There was another hesitation, and another glance at Dean, before Grimes answered. “Says he saw it in a flashback.”
Flashback. The term produced images of 9/11. Or of soldiers from her father’s generation who’d come back damaged mentally from a jungle hell. How the word could possibly apply to a child who’d been kidnapped this morning… “Flashback? You sure that’s what he said?”
“Yes, ma’am. Look, I told you this is out there. And if it was anybody but him, I wouldn’t have told you.”
“You believe him?” Dean’s tone expressed the same contempt as his earlier snort.
The kid stood his ground. “Like I said, if this was anybody else…”
“You keep saying that,” Eden tried to clarify. “What does it mean?”
“It means he thinks Underwood’s a hero,” Dean answered, “and therefore exempt from the same commonsense scrutiny he’d give anybody else coming in here with that cock-and-bull story.”
“That’s not—”
Dean didn’t allow the deputy to finish. “God knows, I don’t want to speak ill of somebody who’s served their country. But the truth is Jake came back from his last tour a little less put together than when he left.”
“From his last tour” and “who’s served his country” were obviously references to the military. What Eden didn’t understand was the cryptic finish. “‘Less put together’?”
“Head injury. Along with some other stuff. It’s the brain damage, though, that would put thoughts of seeing that little girl into Jake’s head. And that’s all this is, you hear me.” The last was clearly directed at Grimes. “You go spouting this story around town, and you’re liable to get somebody hurt. Somebody who sure as hell doesn’t deserve to be hurt.”
“Then…you don’t think this man might have had something to do with the kidnapping?” Eden asked. “I mean, someone who’s brain-damaged and having visions of a missing child… Seems to me that makes him a prime candidate.”
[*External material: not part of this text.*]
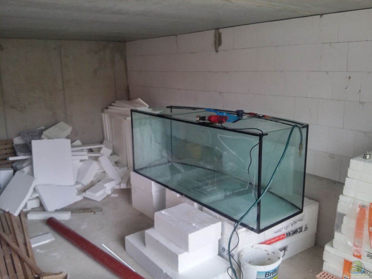 Panorama Becken, 15mm Glasstärke, sto??verklebt mit Sicherheitsnaht, ??berlaufschacht mit 2 Lochbohrungen hinten links, 60mm und 45mm für einen 50mm Ablauf und 32mm Zulauf. Bohrungen habe ich selbst durchgeführt und den ??berlaufschacht selbst eingelebt. Das Becken steht auf einem Stahluntergestell mit einer Breite von 150cm und einer Tiefe von 70cm. Das Gestell ist zur Gewichtsentlastung des doch recht dünnen Betonfu??bodens mit 6 16mm starken Gewindestangen an der Wand befestigt. Die Gewindestangen [...]

It didn’t make sense for Dean to dismiss the idea out of hand, although she couldn’t argue with the warning he’d just issued. If the people of this town thought one of their own had been involved in Raine’s kidnapping, emotions would definitely run high. That was something the department, its resources stretched to the limits, shouldn’t have to deal with.
“You talk to him, Chief,” Grimes said. “See what you think. That’s all I’m asking.”
“Oh, trust me,” Eden assured him, getting up, “I’m going to talk to him. Just forgive me if I’m a little less receptive to his story than you seem to be.”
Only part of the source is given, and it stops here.